# [Input for this task]
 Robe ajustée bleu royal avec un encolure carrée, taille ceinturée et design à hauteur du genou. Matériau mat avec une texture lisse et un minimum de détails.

==

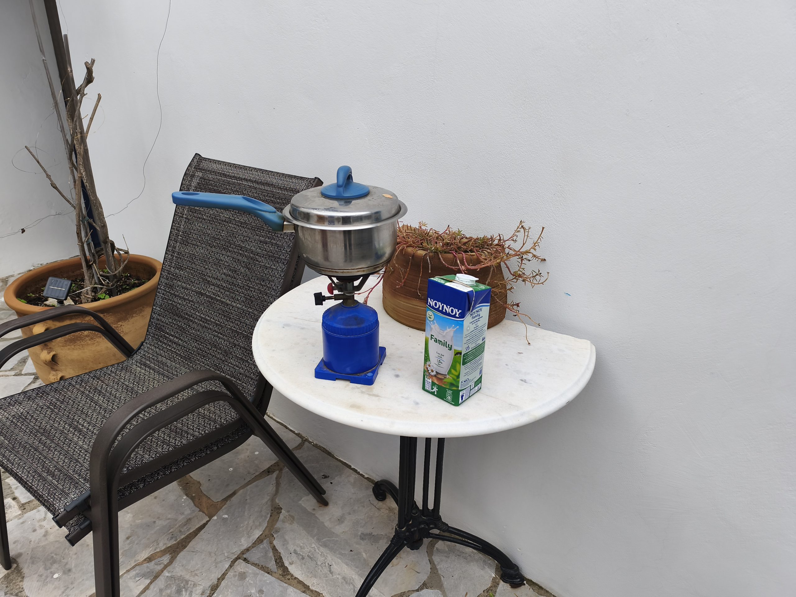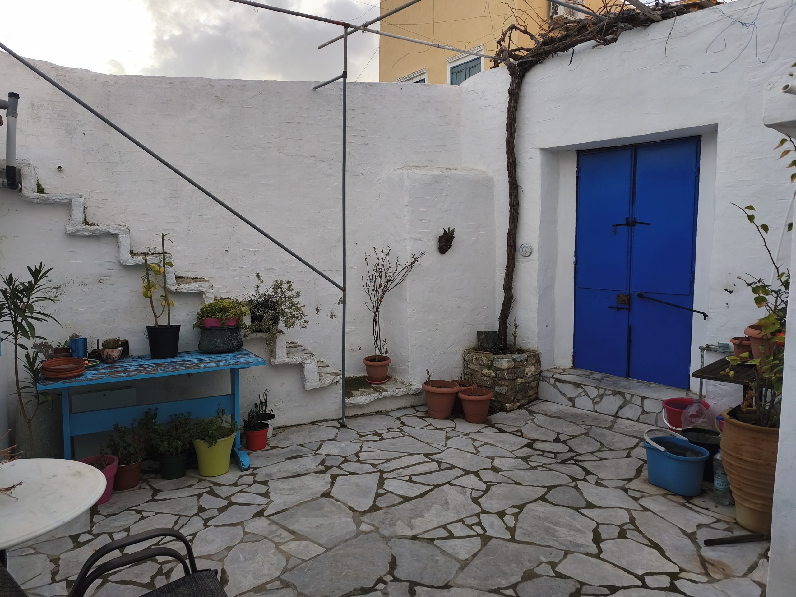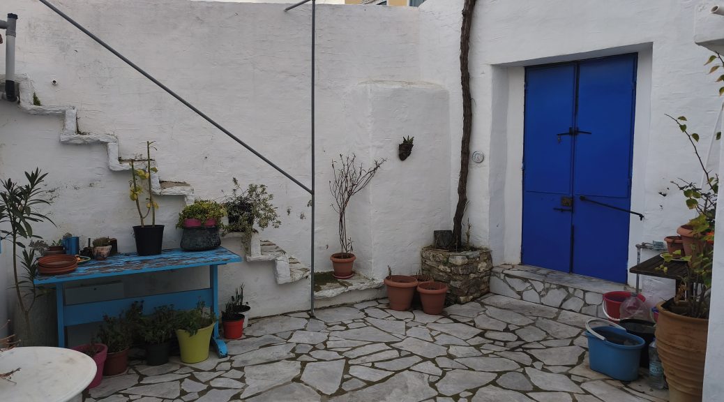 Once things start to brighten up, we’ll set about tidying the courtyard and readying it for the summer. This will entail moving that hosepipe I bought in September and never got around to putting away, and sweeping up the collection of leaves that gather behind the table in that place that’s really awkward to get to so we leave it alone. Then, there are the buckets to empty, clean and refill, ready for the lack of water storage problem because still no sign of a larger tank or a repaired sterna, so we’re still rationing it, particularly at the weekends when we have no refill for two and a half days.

==

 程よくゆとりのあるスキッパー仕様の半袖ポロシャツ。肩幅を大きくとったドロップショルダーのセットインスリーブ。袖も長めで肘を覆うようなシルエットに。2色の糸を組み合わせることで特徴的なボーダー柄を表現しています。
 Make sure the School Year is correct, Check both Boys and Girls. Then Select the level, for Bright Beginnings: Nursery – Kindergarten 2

# [Task description]
Both end lines included, restate word for word the lines above from the line with "程よくゆとりのあるスキッパー" to the line with "Make sure the", and nothing else.

# [Exercise solution]
 程よくゆとりのあるスキッパー仕様の半袖ポロシャツ。肩幅を大きくとったドロップショルダーのセットインスリーブ。袖も長めで肘を覆うようなシルエットに。2色の糸を組み合わせることで特徴的なボーダー柄を表現しています。
 Make sure the School Year is correct, Check both Boys and Girls. Then Select the level, for Bright Beginnings: Nursery – Kindergarten 2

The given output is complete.